═══ Exercise material ═══

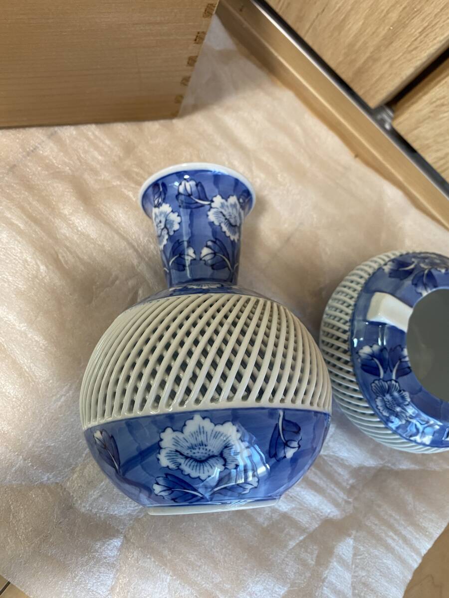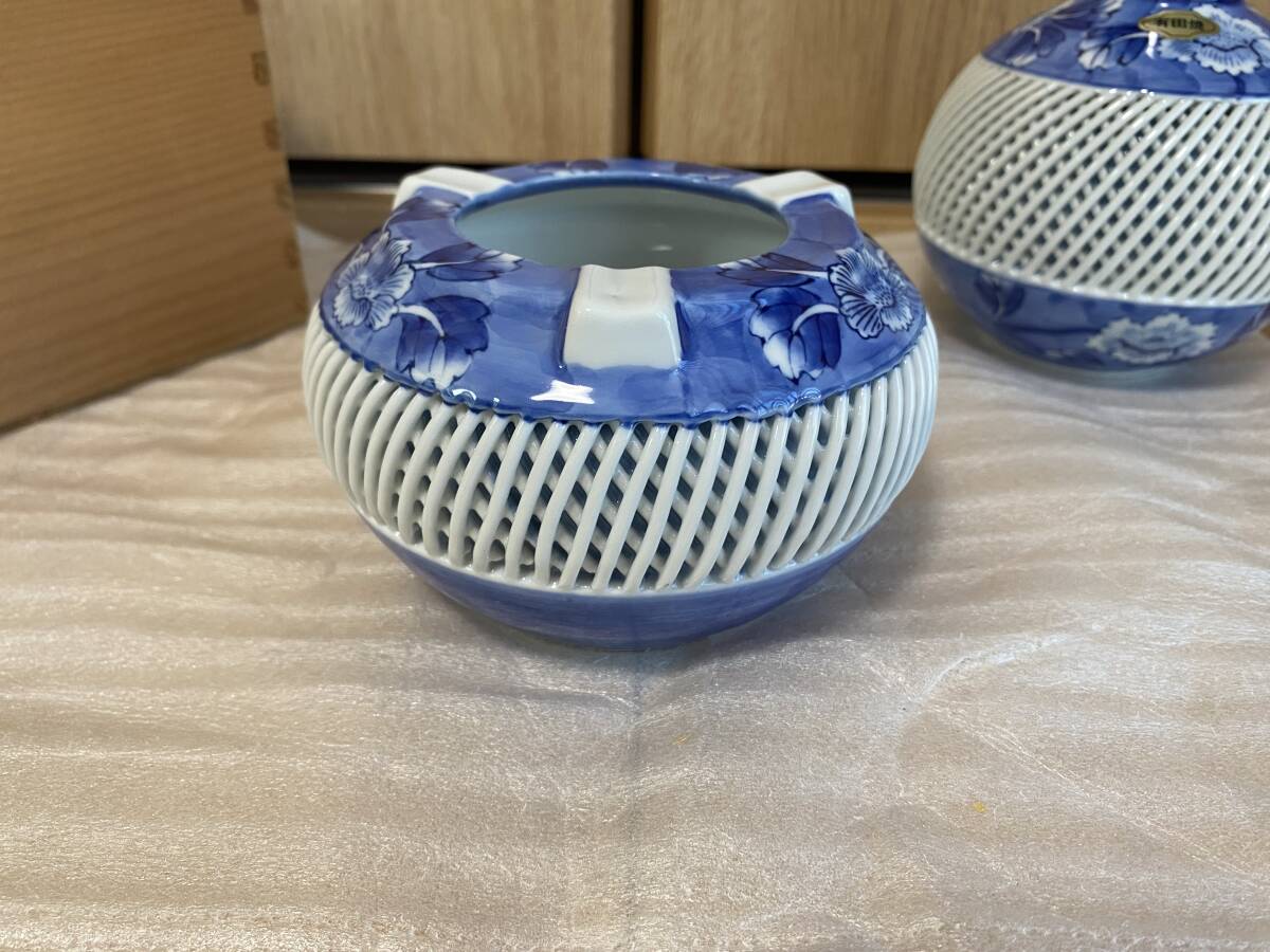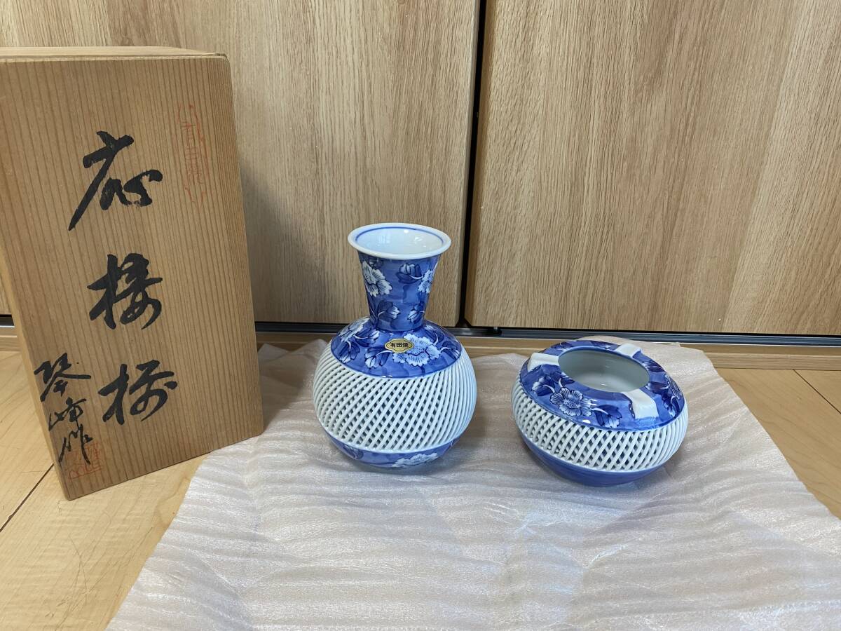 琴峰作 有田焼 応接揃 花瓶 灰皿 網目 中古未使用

═══
═══ Exercise material ═══

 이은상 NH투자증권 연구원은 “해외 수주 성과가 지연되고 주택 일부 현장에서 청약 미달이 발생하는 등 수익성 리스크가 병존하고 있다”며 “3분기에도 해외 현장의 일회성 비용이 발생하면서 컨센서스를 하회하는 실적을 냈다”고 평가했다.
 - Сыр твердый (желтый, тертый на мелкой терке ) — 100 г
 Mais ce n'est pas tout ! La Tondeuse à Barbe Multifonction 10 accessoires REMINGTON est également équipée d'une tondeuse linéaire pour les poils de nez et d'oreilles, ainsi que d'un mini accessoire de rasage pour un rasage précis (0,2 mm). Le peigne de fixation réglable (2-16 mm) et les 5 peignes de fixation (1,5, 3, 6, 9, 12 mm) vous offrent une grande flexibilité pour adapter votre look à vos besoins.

═══

• [Work instruction]
In the listing above, find the line with "이은상 NH투자증권 연구원은" and the line with "Mais ce n'est". Output those two lines and every line between them, exactly as written.

• [Response]
 이은상 NH투자증권 연구원은 “해외 수주 성과가 지연되고 주택 일부 현장에서 청약 미달이 발생하는 등 수익성 리스크가 병존하고 있다”며 “3분기에도 해외 현장의 일회성 비용이 발생하면서 컨센서스를 하회하는 실적을 냈다”고 평가했다.
 - Сыр твердый (желтый, тертый на мелкой терке ) — 100 г
 Mais ce n'est pas tout ! La Tondeuse à Barbe Multifonction 10 accessoires REMINGTON est également équipée d'une tondeuse linéaire pour les poils de nez et d'oreilles, ainsi que d'un mini accessoire de rasage pour un rasage précis (0,2 mm). Le peigne de fixation réglable (2-16 mm) et les 5 peignes de fixation (1,5, 3, 6, 9, 12 mm) vous offrent une grande flexibilité pour adapter votre look à vos besoins.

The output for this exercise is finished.